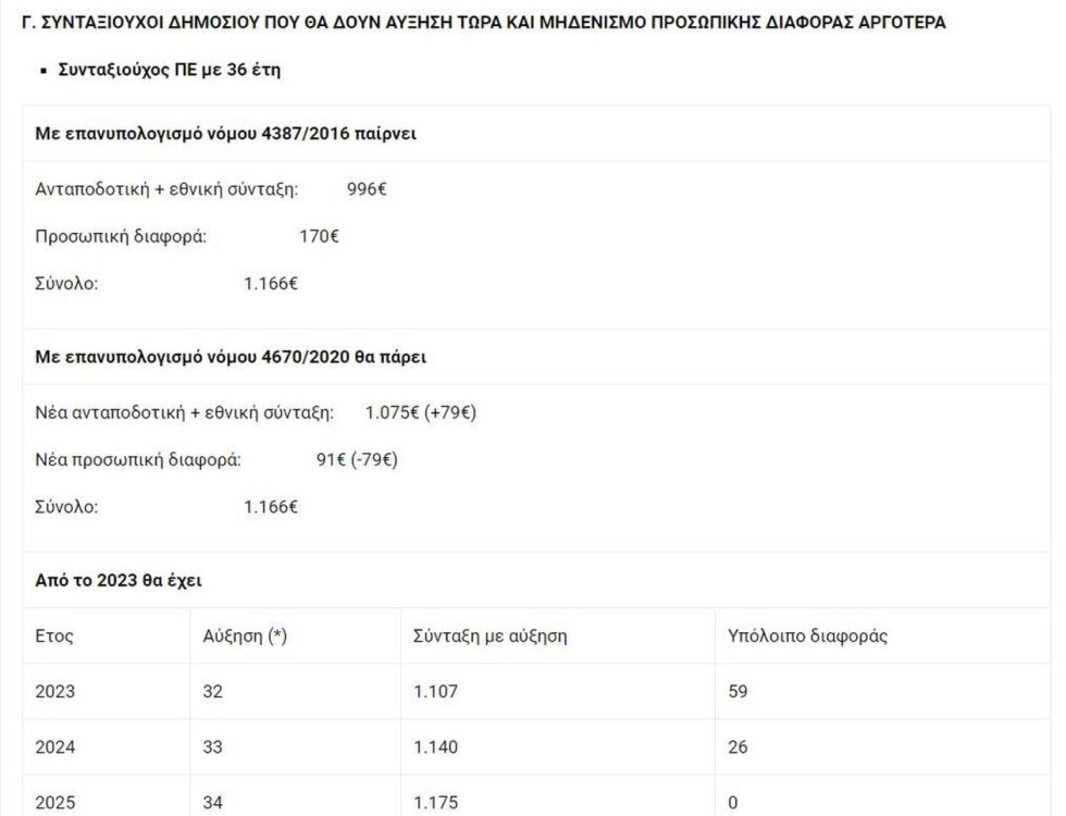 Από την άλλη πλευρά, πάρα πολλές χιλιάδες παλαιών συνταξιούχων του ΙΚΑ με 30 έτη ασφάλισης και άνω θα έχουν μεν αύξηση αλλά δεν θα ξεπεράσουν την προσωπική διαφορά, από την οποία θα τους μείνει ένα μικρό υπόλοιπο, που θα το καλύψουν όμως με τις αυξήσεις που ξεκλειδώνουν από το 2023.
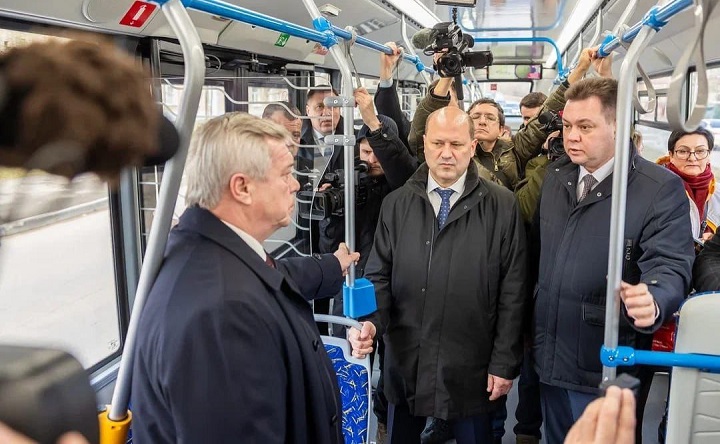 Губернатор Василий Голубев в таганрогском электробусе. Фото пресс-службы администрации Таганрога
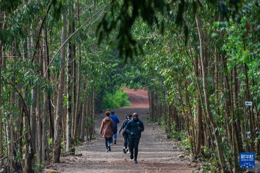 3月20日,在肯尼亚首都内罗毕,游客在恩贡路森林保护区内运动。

#### WORK TO COMPLETE
Leaving all pictures aside, print exactly the lines from the one that contains "Губернатор Василий Голубев" through the last line of the data above, inclusive.

#### REPLY
 Губернатор Василий Голубев в таганрогском электробусе. Фото пресс-службы администрации Таганрога
 3月20日,在肯尼亚首都内罗毕,游客在恩贡路森林保护区内运动。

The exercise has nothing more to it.